California Is Home to Many of the Country's Most Expensive Cities for Business, Survey Finds. California is a costly state to do business, according to a national survey that said 13 of the nation's 40 most costly cities for business are located in the Golden State. The 2010 Kosmont-Rose Institute Cost of Doing Business Survey, by the Rose Institute of State and Local Government in collaboration with the Kosmont company, also found that of the 40 least expensive cities, only four are in California.

The report, which is sold by the authors and was not released publicly, is based on surveys of property tax, utility tax, sales tax and business license fees in 413 cities across the United States.

When broken down by county, of the California counties represented in the report, San Diego is California's least expensive for doing business. (Source: North County Times, October 11.)

Texas Has Better Economic Growth Prospects Than California, Report Finds. A new report from the Texas Public Policy Foundation finds that "Texas' competitive edge over California remains sharp" in terms of prospects for economic growth.

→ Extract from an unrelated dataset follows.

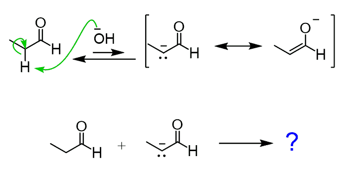 Now, would you expect to happen if we add a base to the solution of an aldehyde? Some of the aldehyde will be converted into an enolate – that’s the first thing, and we now have a mixture of an electrophilic aldehyde and a nucleophilic enolate: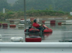 | Shoの会社のAさんの愛車GT-Rが、ついに 100,000kmを突破!これを記念して、営業所メンバーでカート大会が行われた。 Shoは応援なので、飛び入りでTakaが参加させて頂く。 ↓ 13:30に阿見町にある「アップルフォーミュラランド」へ集合。天気は雨の降りそうな曇り空。 ↓ 係りの人の説明を受けて、支度を整えてまずは練習。みんながカートへ乗り込む直前に小雨が降り始め、走り出したらどしゃ降りとなった。 ずぶ濡れ状態で高く水しぶきを上げながら、走った。 ↓ 予選、決勝と進んで行くうちに雨は強くなるばかり。見物していたSho以外は、見事に全員水に入ったかのような濡れようだった。 ↓ 結果は1位:Iさん、2位:Oさん、3位:Aさんとなった。Takaは4位だった。まぁ、初めてにしては良い方かな? ↓ 雨の中で表彰式。大雨のシャンパンシャワーで、記念撮影。 ↓ 用意されていたバーベキューを皆で食べた。悪天候の中でのカート大会だったけど、それなりにみんな楽しそうだった。 ↓ Takaはかなり楽しかったようで、まだ走り足りないという勢いのまま帰宅した。 |

The study, "Competitive States 2010: Texas vs. California," was prepared by Dr. Arthur B. Laffer and Donna Arduin, who served as Governor Arnold Schwarzenegger's first finance director. The authors write:

"Like the rest of the nation, Texas' economic growth hit a serious speed bump during the great recession. But, its economic decline in the state has been milder than in California and the rest of the country. The Texas economy has been growing stronger, with less negative volatility, than California or the nation overall.

"Texas economic strength can particularly be seen in job creation. According to employment data released last month by the Bureau of Labor Statistics, Texas created 129,000 new jobs in the last year – over one-half of all the new jobs in the U.S. In contrast, California lost 112,000 jobs during the same period.

"Texas' most significant competitive advantage over California is that Texas has no income tax where California has a steeply progressive income tax. Texas' appropriate level of government spending relative to the income of Texans is another competitive advantage that keeps its economy strong. Finally, the lighter regulatory burden in Texas also helps its economy flourish in comparison to California.

"Our study shows that it is these Texas policies of relatively low taxes, low spending, and less regulation that have helped the Lone Star State weather the Great Recession better than California and the nation as a whole."